INFORMATION PROVIDED ▸
#####
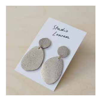
Pebble Earrings ERPBSLV
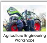
Agriculture Engineering Workshops
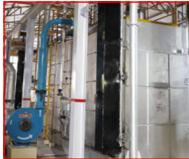
PCPF LANCE DRYER
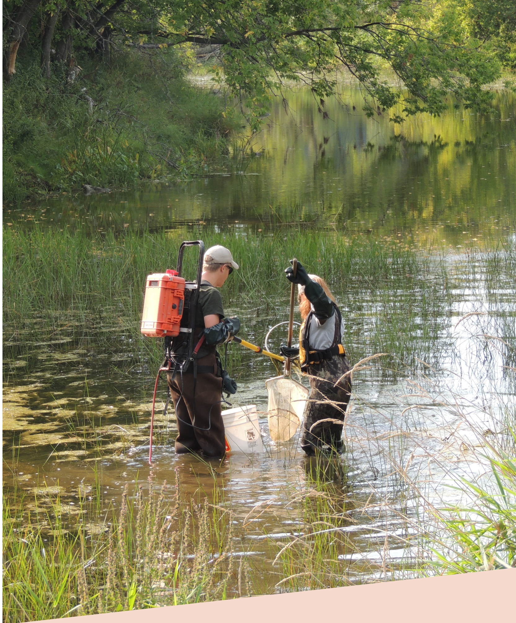
ELECTROFISHING ON THE SOUTH NATION RIVER
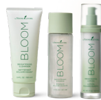
BLOOM by Young Living™ Brightening Skin Care Collection Item No. 30316
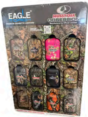
EAGLE FLAG TORCH 24CT ITEM #201764 $60.00
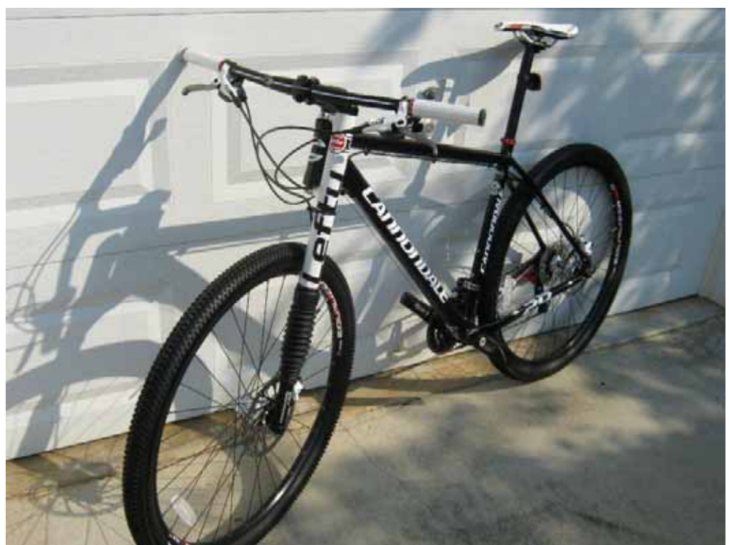
This 2011 XL Cannondale Flash 29 1 is Brand New, FrameFlash, SmartFormed alloy, SAVE, BB30, 1.5 Si head tube ForkLefty Speed PBR, 100 mm, OPI, Solo Ai CrankFSA AFTERBURNER 386 BB30 39/27 ChainKMC X10SL 10-speed
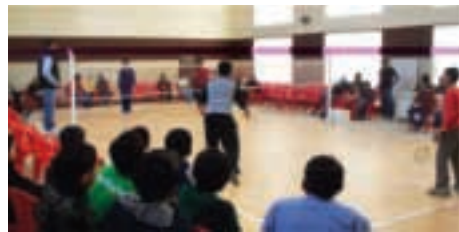
The Badminton Tournament in progress at Aangan's Club House

Enthusiastically played and eagerly watched, the Inter-Ashiana Badminton Tournament was held at the Aangan Club House on January 14, 15 and 16.
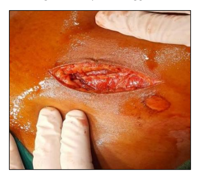
Figure-5: Closure of fascia
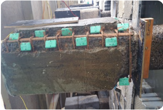
Beam repair preparation & installed MasterProtect 8065CP anodes
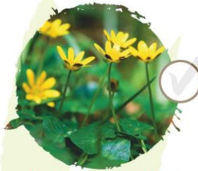
Lesser celandine See it: March–May
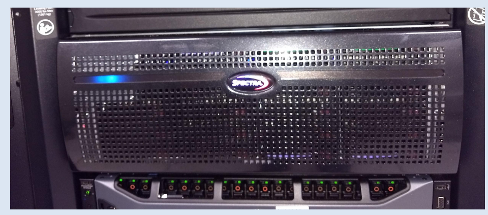
University of Minnesota
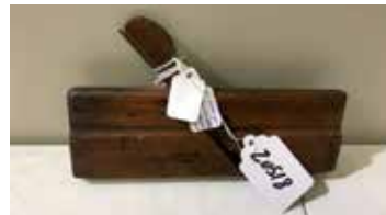
Lot#20518. Early Lindenberger Marked Moulder, early 1800's
#####
THE PROBLEM ▸ Your reply should consist of the data, transcribed exactly, and should hold no pictures.

RESPONSE FOR THIS EXERCISE ▸
Pebble Earrings ERPBSLV
Agriculture Engineering Workshops
PCPF LANCE DRYER
ELECTROFISHING ON THE SOUTH NATION RIVER
BLOOM by Young Living™ Brightening Skin Care Collection Item No. 30316
EAGLE FLAG TORCH 24CT ITEM #201764 $60.00
This 2011 XL Cannondale Flash 29 1 is Brand New, FrameFlash, SmartFormed alloy, SAVE, BB30, 1.5 Si head tube ForkLefty Speed PBR, 100 mm, OPI, Solo Ai CrankFSA AFTERBURNER 386 BB30 39/27 ChainKMC X10SL 10-speed
The Badminton Tournament in progress at Aangan's Club House

Enthusiastically played and eagerly watched, the Inter-Ashiana Badminton Tournament was held at the Aangan Club House on January 14, 15 and 16.
Figure-5: Closure of fascia
Beam repair preparation & installed MasterProtect 8065CP anodes
Lesser celandine See it: March–May
University of Minnesota
Lot#20518. Early Lindenberger Marked Moulder, early 1800's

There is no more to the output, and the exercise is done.